Commercial space advocates welcomed the Trump administration’s goal, but even they worry the private sector may not be ready as soon as 2025 to replace NASA as primary underwriter for station operations.

“We don’t want to see a capability gap in low Earth orbit,” said Tommy Sanford, executive director of the Commercial Spaceflight Federation. “We want to ensure that there’s a smooth transition.”

The concern is that the nation could be left with nowhere to send astronauts and do science research and technology development in low Earth orbit, just as the nation is now in the midst of a nearly seven-year gap in its ability to launch astronauts from U.S. soil.

NASA spends about $3.5 billion annually on the ISS, including launches of cargo and astronauts.

Under the proposed plan, some portion of the savings from leaving the ISS that would be steered toward lunar exploration initiatives.

NASA in 2022 hopes to launch the first portion of a small station to be placed in orbit around the moon.
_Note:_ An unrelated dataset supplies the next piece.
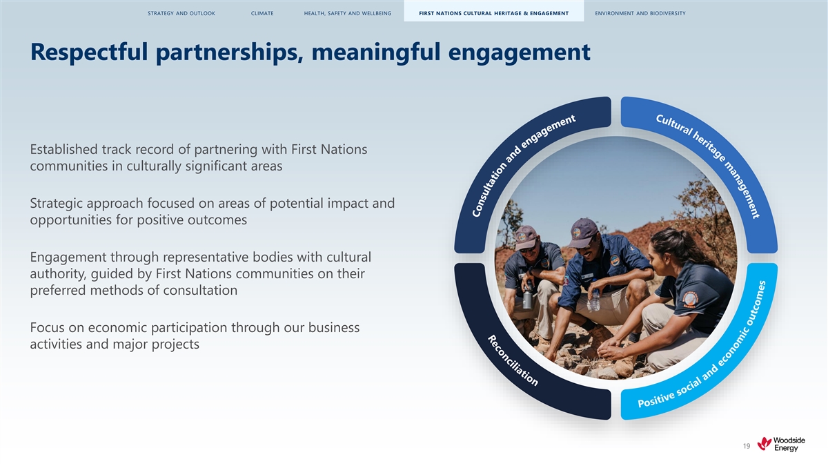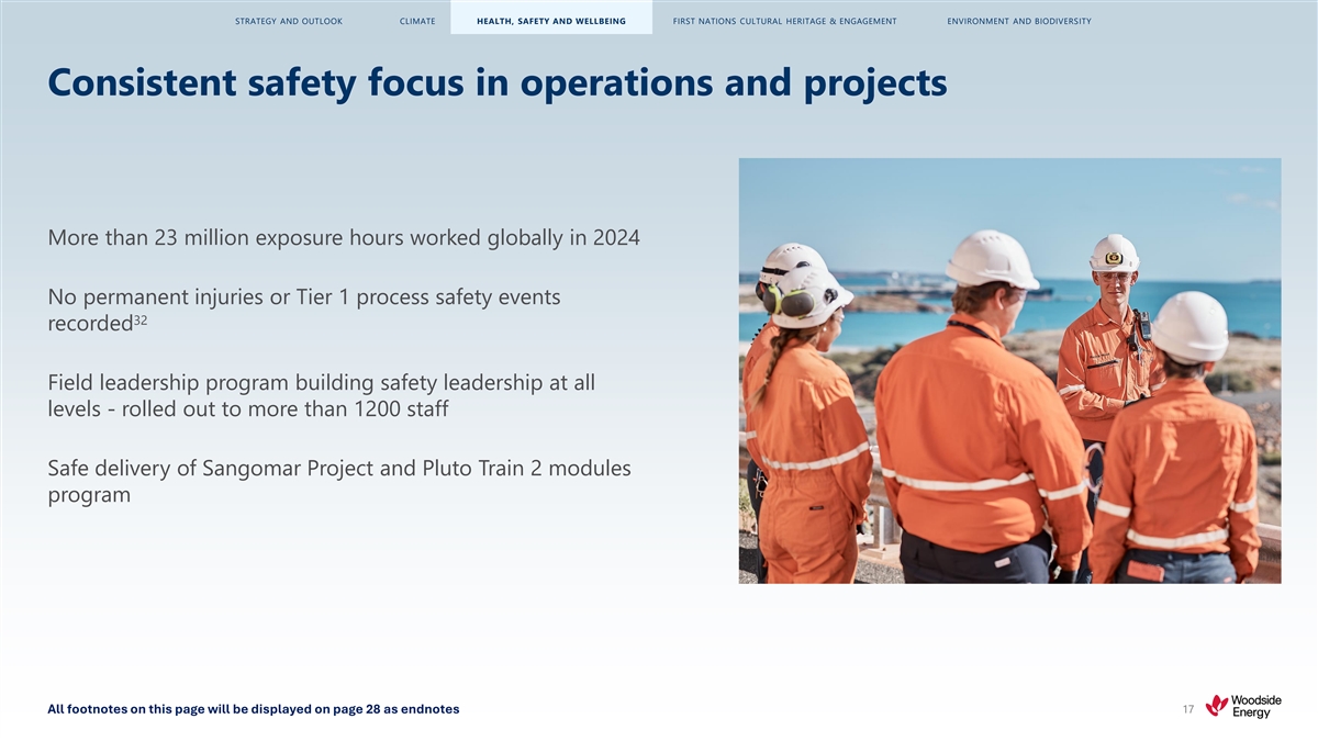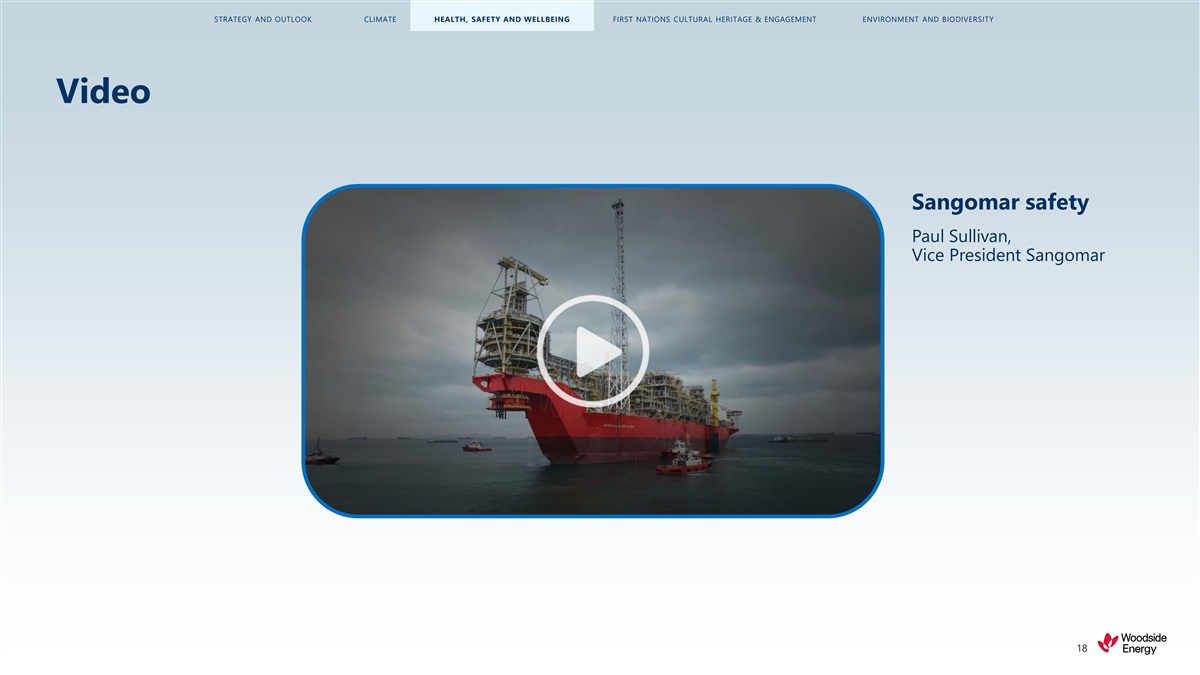 STRATEGY AND OUTLOOK CLIMATE HE HA EL AT LH TH , ,S S AA FF EETTY Y A AN ND D W WE EL LL LB BE EIIN NG G FIRST NATIONS CULTURAL HERITAGE & ENGAGEMENT ENVIRONMENT AND BIODIVERSITY Consistent safety focus in operations and projects More than 23 million exposure hours worked globally in 2024 No permanent injuries or Tier 1 process safety events 32 recorded Field leadership program building safety leadership at all levels - rolled out to more than 1200 staff Safe delivery of Sangomar Project and Pluto Train 2 modules program All footnotes on this page will be displayed on page 28 as endnotes 17

That would be the same mission as the first launch of NASA astronauts on the 322-foot Space Launch System rocket and Orion crew capsule from Kennedy Space Center.

No target date is set for a human mission to the lunar surface.

Another controversial budget proposal would cancel NASA's Wide Field Infrared Survey Telescope mission, or WFIRST, a top priority in the decadal survey for astrophysics.

The budget also would eliminate $100 million supporting NASA's Office of Education, repeating a proposal that failed a year ago.